Complex solutions of $\sin z = i \alpha \cos z$ I'm trying to solve the following question:
Let $\alpha$ $\in [-1, 1]$ be a real number. Find all complex numbers $z$ that satisfy the equation: 
$\sin z = i \alpha \cos z$

This is what I've done so far:
I let $z = x + iy$ which makes the the equation equal:
$$\sin (x+iy) = i \alpha \cos(x+iy)$$
I simplified it to:
$$\sin x + i\sin y = a(i\cos x-\cos y)$$
I don't know what to next because I have never encountered anything like this before.
I would appreciate your help!
 A: I'll try to give some insight ...
We know that $\frac {\sin z}{\cos z} = \tan z$. So our equation becomes..
$$\tan z = i\alpha$$
Now use the exponential form of $\sin$ and $\cos$ to find the exponential form of $\tan z$. And what is the exponential form of $i$? Now we can solve the question.
For much general result, you can see next (though I'll strongly recommend doing this yourself)
want solution for $\tan z = z_0 \ \ ;z_0,z \in \mathbb{C}$
Solution:
$$\tan(z) = \frac{e^{iz} - e^{-iz}}{i(e^{iz} + e^{-iz})} = z_0$$
Putting $p= e^{iz} ;\frac 1p = e^{-iz}$ our equation becomes,
$$\frac{p - 1/p}{i(p + 1/p)} = z_0$$
  $$\frac{p^2 - 1}{p^2 + 1} = iz_0$$
  $$p^2 - 1 = iz_0(p^2 + 1)$$
  $$(1 - iz_0)p^2 = 1 + iz_0$$
  $$p^2 = \frac{1 + iz_0}{1 - iz_0}$$
Now plugging in original value, we get,
$$e^{2iz} = \frac{1 + iz_0}{1 - iz_0}$$
Giving the solution to be,
$$z = \frac 1{2i} \ln \frac{1 + iz_0}{1 - iz_0}$$
Disclaimer: Just typed quickly, might be errors in it but method will be same.
EDIT:
As asked in comment by the poster.
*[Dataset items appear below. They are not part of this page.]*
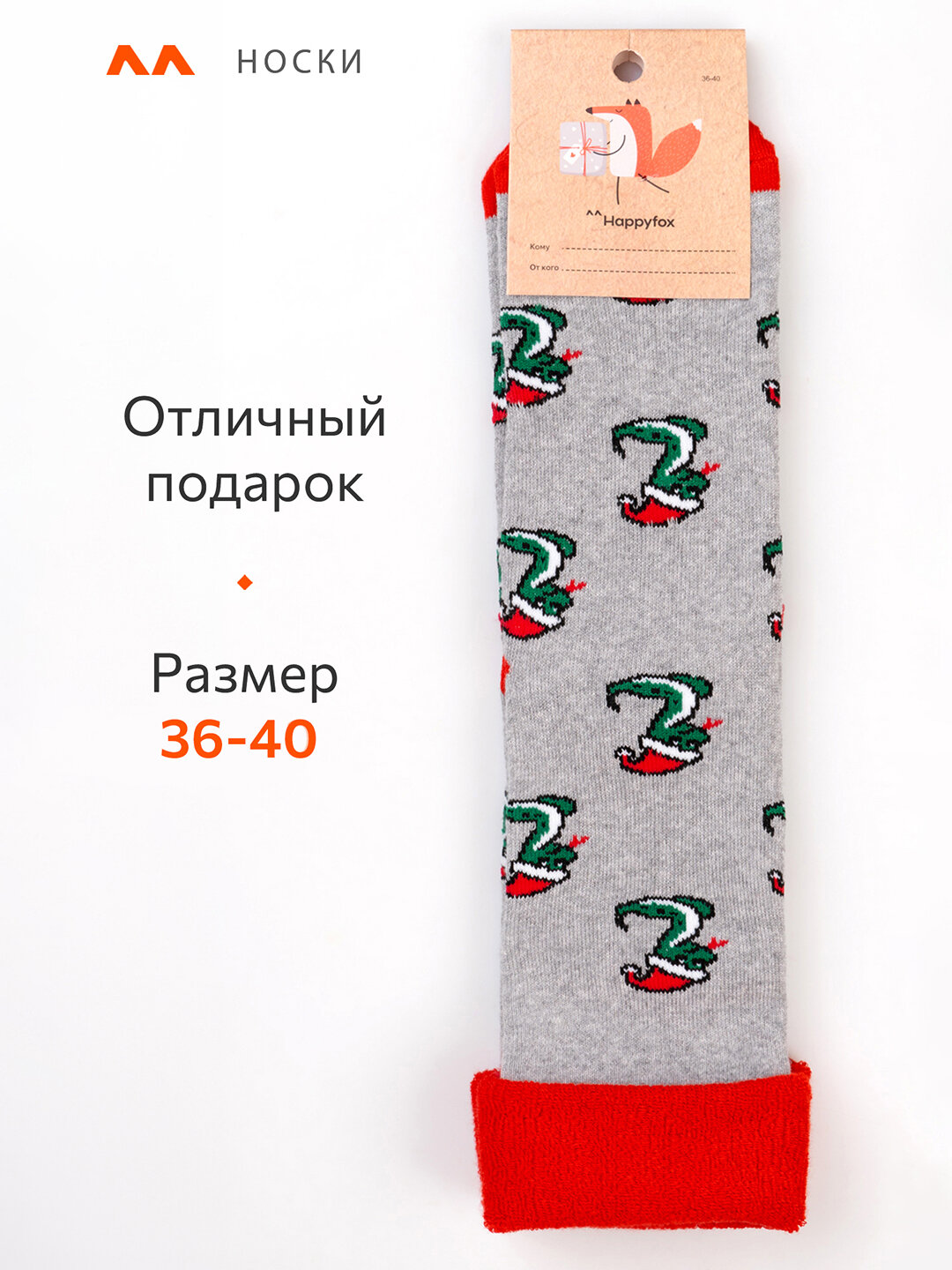 Купить Носки новогодние символ 2025 год Змеи теплые HappyFox HF3125A змейки.серыймеланж 36-40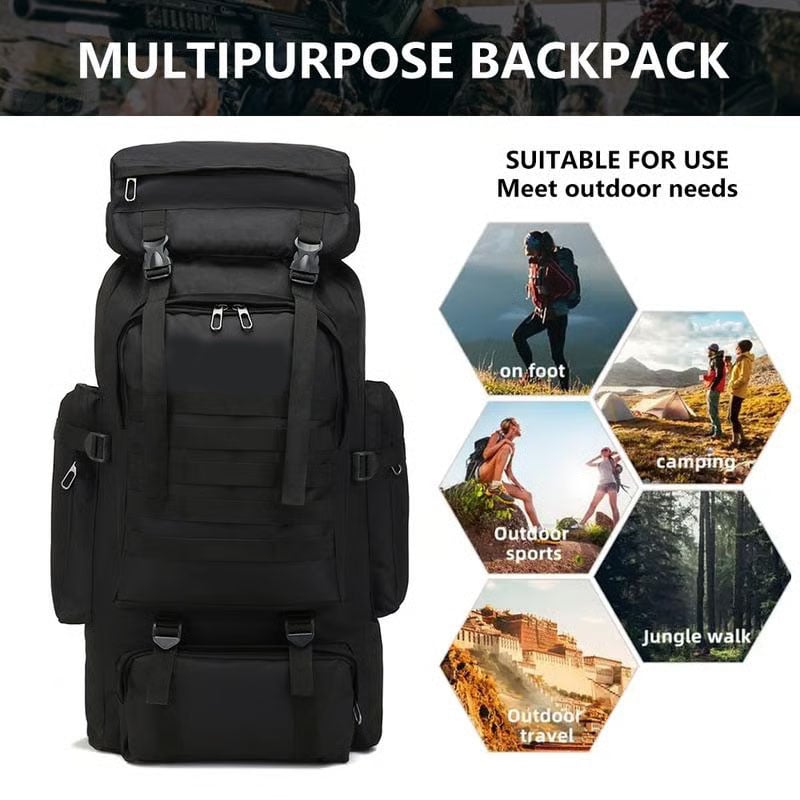 【Spacious】A generous 80L capacity offers ample spacefor essentials and equipment, making it perfect forcamping, hiking, and extended trips.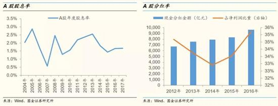 在讨论现金分红问题时,股息率和分红率分别是衡量现金分红收益和力度的重要指标:1)股息率(=每股股利/股价)是反映现金分红收益的指标,量化了现金分红给投资者带来的收益情况;2)分红率(=现金分红总额/归母公司净利润)是反映公司现金分红力度的指标,刻画了上市公司分红的慷慨程度。实际上,股息率和分红率并不是完全独立的两个指标,股息率也可以视作分红率和市盈率的比值,即股息率=分红率/市盈率。目前来看, 2017年A股股息率为1.67%,2016年分红率为35.2%。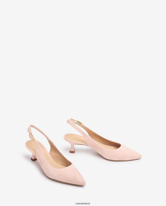 Pointed toe suede sling back shoe. 5cm high slim heel in a matching tone. Ankle strap that can be adjusted with the metal buckle. Light, flexible, non-slip, rubber sole. Versatility and elegance in its pure state.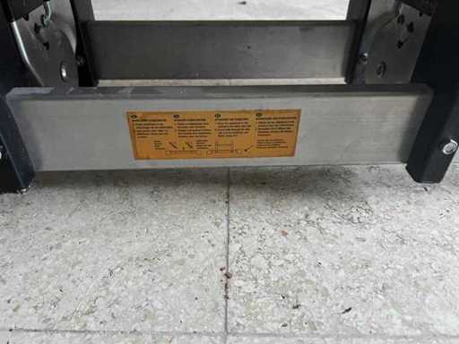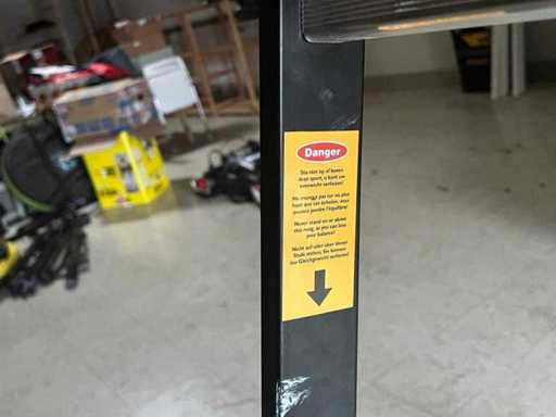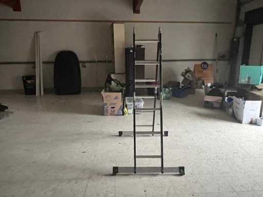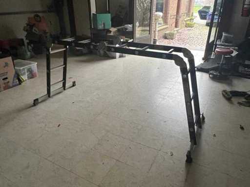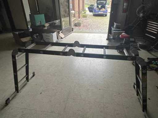 Multifunctionele professionele plooiladder, 4-in-1 inzetbaar (A-stand, rechte ladder, werkplatform, trapstand). Voorzien van scharnierende verbindingspunten en antislipvoeten. Professionele uitvoering met scharniervergrendelingen. In gebruikte staat (zie foto's).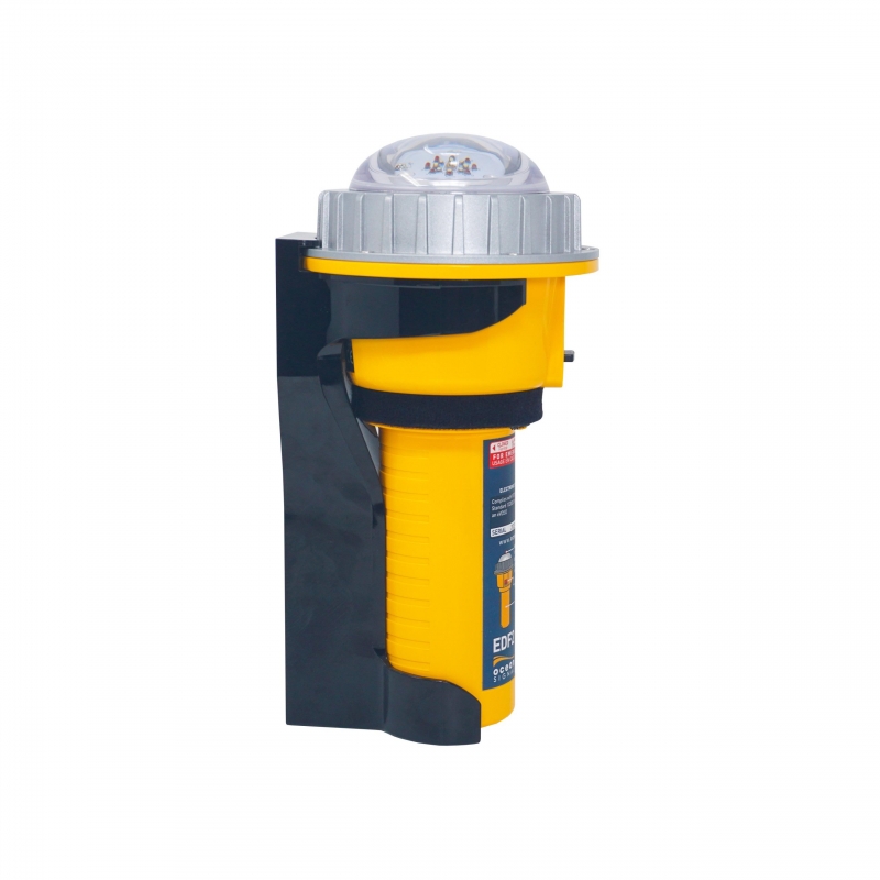 Simultáneamente a los destellos LED rojo-naranja y cian visibles, el componente IR emite el mismo patrón SOS que está optimizado para la visibilidad a través de gafas de visión nocturna (NVG). Quizás lo más impresionante es que, incluso con la gran cantidad de destellos visibles e infrarrojos que se producen, el alto nivel de intensidad de luz producido y el importante rango de distribución de luz (ángulo luminoso ≥ 180°) que se logra, el EDF2 aún alcanza una impresionante vida útil de al menos tres horas (superando los requisitos RTCM en un 50%).

Put $z_0=i\alpha$ in the solution.
Then we get, $$z=\frac 1{2i} \ln \frac{1 + i \cdot i \alpha}{1 - i \cdot i \alpha}=\frac 1{2i} \ln \frac{1 + i^2 \alpha}{1 - i^2 \alpha}=\frac 1{2i} \ln \frac{1 - \alpha}{1 +  \alpha}$$.
I suppose it is clear now
If not, please reply..
A: Your equation is equivalent to $\tan(z)=i\alpha$. Even for complex $a$ and $b$,
$$\tan(a+b)=\frac{\tan(a)+\tan(b)}{1-\tan(a)\tan(b)}$$
So let $z=a+b\,i$, with $a,b$ real, and $$\begin{align}\tan(a+bi)&=\frac{\tan(a)+\tan(bi)}{1-\tan(a)\tan(bi)}\\
&=\frac{\tan(a)+i\tanh(b)}{1-i\tan(a)\tanh(b)}\\
&=\frac{(\tan(a)+i\tanh(b))(1+i\tan(a)\tanh(b))}{1+\tan^2(a)\tanh^2(b)}
\end{align}$$
Here we have used that $\tan(ix)=i\tanh(x)$.
You want the real part of this expression to be $0$, since you want it to equal $i\alpha$. So $\tan(a)-\tan(a)\tanh^2(b)=0$. That is, $\tan(a)(1-\tanh^2(b))=0$. Now, there are no real numbers $b$ with $\tanh(b)=\pm1$, so $\tan(a)=0$. Therefore $a$ must be $k\pi$ for some integer $k$. 
Back substituting, $$\begin{align}\frac{(\tan(k\pi)+i\tanh(b))(1+i\tan(k\pi)\tanh(b))}{1+\tan^2(k\pi)\tanh^2(b)}&=\alpha i\\
{i\tanh(b)}&=\alpha i\\
{\tanh(b)}&=\alpha \\
\end{align}$$
So there is only a solution if $\alpha\in(-1,1)$, in which case $b=\tanh^{-1}(\alpha)$, and $z=k\pi+\tanh^{-1}(\alpha)$ for some integer $k$.